Tom and his brother Joe have been attempting to cut wheat…a little each day but my blackberries simply insist it is not time.  I have one berry starting to slightly turn purple.  My prediction is they will be able to begin cutting Thursday and I will likely begin picking berries the same day.  Tom is amused by my predictions but not convinced.  That’s okay.  I will remind him of my prediction on Thursday. 

Autie had her second blast ball game and she was a little timid and unsure of herself this time.  Usually her big sister is right there bossing her around and she is figuring things out on her own.  She is doing just fine.  Livie had a makeup game and we did not skip around the base line last night, but we casually jogged.  I think some things were said by her team mates because as she fell asleep last night she said she was sorry and would run faster next time.  My heart hurt a little for her.  I know being the big sister hard.  You have to figure out everything yourself.  Livie is like me in that she has to mess it up before she figures things out.  I need to remember how hard that was for me at times.  I will say she has an awesome swing and she knows how to keep the shortstop VERY busy.   That ball is fast and JUST barely inside the line.  She is doing just fine. 

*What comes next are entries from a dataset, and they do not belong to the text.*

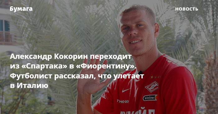 Бывший нападающий футбольного клуба «Зенит» Александр Кокорин перейдет из «Спартака» в итальянскую «Фиорентину». Об этом сообщил московский клуб.
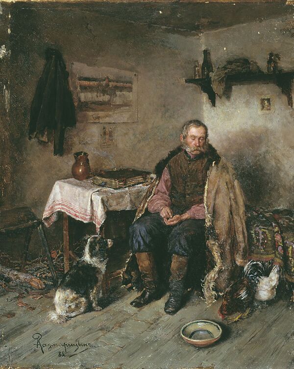 | Кн.[язь] Гедройц очень удачно называет одесского художника «русским Фортуни». Это артист от головы до ног. В каждом мазке его больше таланта, чем в сотне картин иной заграничной знаменитости. Правда, он пишет мало, слишком мало... Одно произведение отнимает у него три — пять лет [...] от так долго возится с какой-нибудь складкою сюртука или паутинкою, пока эта складка и паутинка живьём [не] выступает из рамы. | ||||
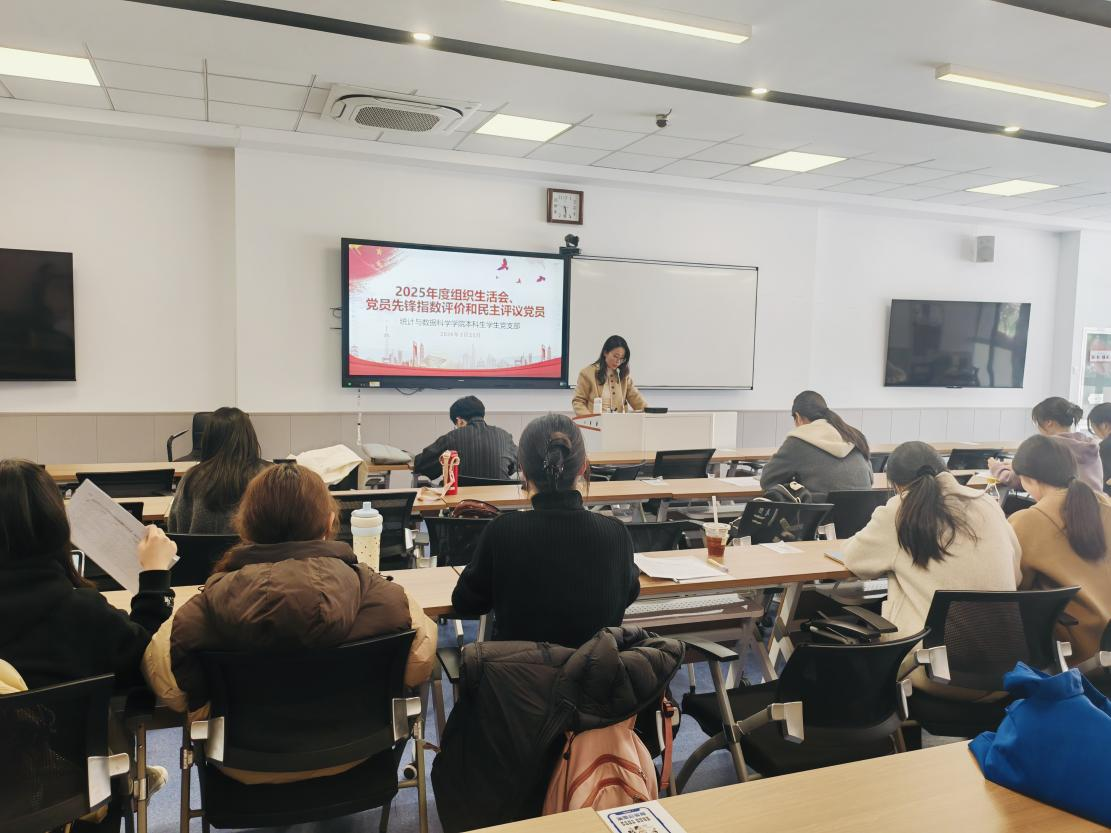2026年3月25日,统计与数据科学学院本科生党支部在澄园书院A106教室组织开展2025年度组织生活会,同步开展党员先锋指数评价和民主评议党员工作。会议由党支部书记张慧主持,全体党员参加。
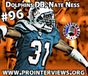 Announcement : My name is Max Strauss with http://prointerviews.org/, http://facebook.com/ProInterviews/ and http://twitter.com/ProInterviews/. I’d like to welcome you to the interview with Nate Ness. Ness started playing Junior College football at El Camino college, but then transferred to the University of Arizona to play his last two years. He entered the 2009 NFL Draft, but went undrafted. Ness has been a defensive back for the Browns, Jets, Seahawks and Dolphins. Ness has been on a few practice squads. He is currently playing for the Miami Dolphins. Here is the interview with Nate Ness.
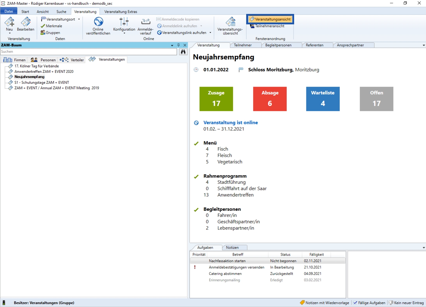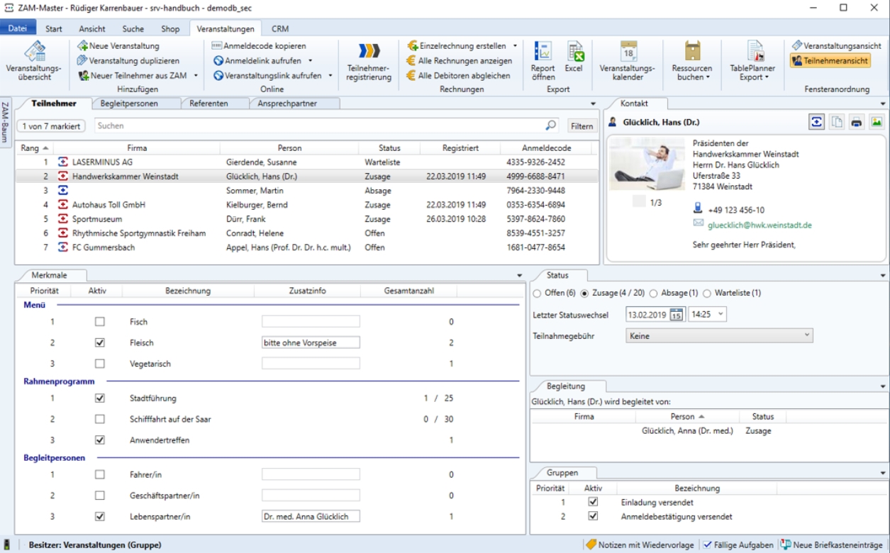 EVENT - Seminar- und Veranstaltungsmanagement unterstützt Sie bei der professionellen Organisation, Verwaltung und Durchführung von Veranstaltungen aller Art wie bspw. Seminaren, Trainings, Schulungen, Messen, Konferenzen, Tagungen, Arbeitskreissitzungen, Fortbildungen und anderen Events. Natürlich ist neben Präsenz-Veranstaltungen auch die Abwicklung virtueller oder Hybrid-Veranstaltungen möglich, unter Einsatz des Videokonferenz-Tools Ihrer Wahl.
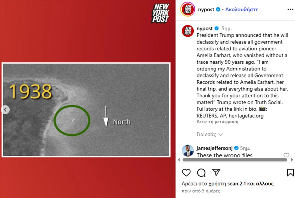Νεοανακαλυφθείσες αεροφωτογραφίες του 1938, που απεικονίζουν ένα μυστηριώδες αντικείμενο σε απομακρυσμένο νησί του Νότιου Ειρηνικού, ενισχύουν τις εκτιμήσεις ερευνητών ότι πρόκειται για το χαμένο αεροπλάνο της Αμέλια Έρχαρτ και μπορεί να αποτελέσουν το «κλειδί» για τη λύση της υπόθεσης.
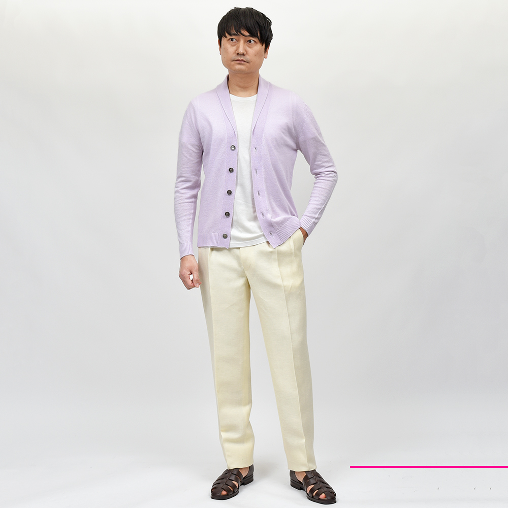 Settefili Cashmereを代表するファブリックの一つである、リネン×コットン素材を使用したこちら。リネンの程よいツヤ感を持ちながらも柔らかく、コットンの質感が強い物になります。地肌に着てもリネン特有のザラザラした感触は皆無。シンプルな着こなしであっても、Settefili Cashmereらしい上品まムードを醸し出してくれます。
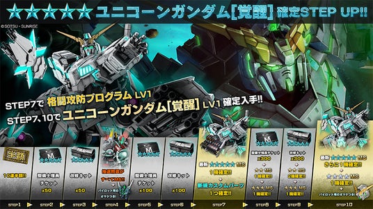 STEP10でもう1機確定+★4MS1機確定に加え、アバターアイテムがが手に入る「ユニコーンガンダム[覚醒]確定STEP UP抽選配給」を実施いたしますので、この機会に是非入手してください。
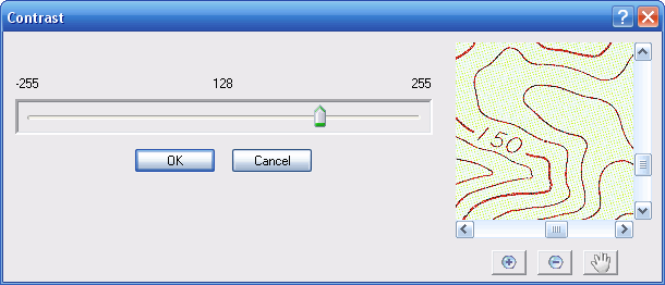 Moving the slider to the right makes all the light pixels lighter and the dark pixels darker - the image gets more intense. Moving the slider to the left makes the image less intense, resulting in a uniform mid grey at the extreme left. The preview image shows the effect as you drag the slider back and forth. Pressing the OK button will perform the change on your image.

Today I watered everything and began planting a new round of onion sets.  I have sold a lot of onions and would have sold a lot more at this point if more were in the ground.  I also need to find time to get some basil plants in the ground.

The tomatoes are still taking their time, but I am now picking my new red fig which is a cherry-sized heirloom that resembles to yellow pear.   I also see some chocolate cherry cherries starting to blush a little.  My Italian tree tomatoes are starting to ripen too and those are looking like nice tomatoes.  They are bigger than my Stupica tomatoes but still not huge.  I personally think smaller tomatoes have more flavor.  I also see my beefsteak tomatoes are getting close to size and will soon start to blush.  I have gobs of yellow beefsteak, but no signs of ripening so whenever they hit I will have A LOT.  My white, orange, pink and black tomatoes will take a little longer, but will be for sale before you know it.   I also notice my chili peppers are starting to fruit and with a little luck will be ready for Father’s Day weekend.  YEAH!!!!  I will have bell peppers soon after that.  My colored bells, and other peppers will take a little longer. 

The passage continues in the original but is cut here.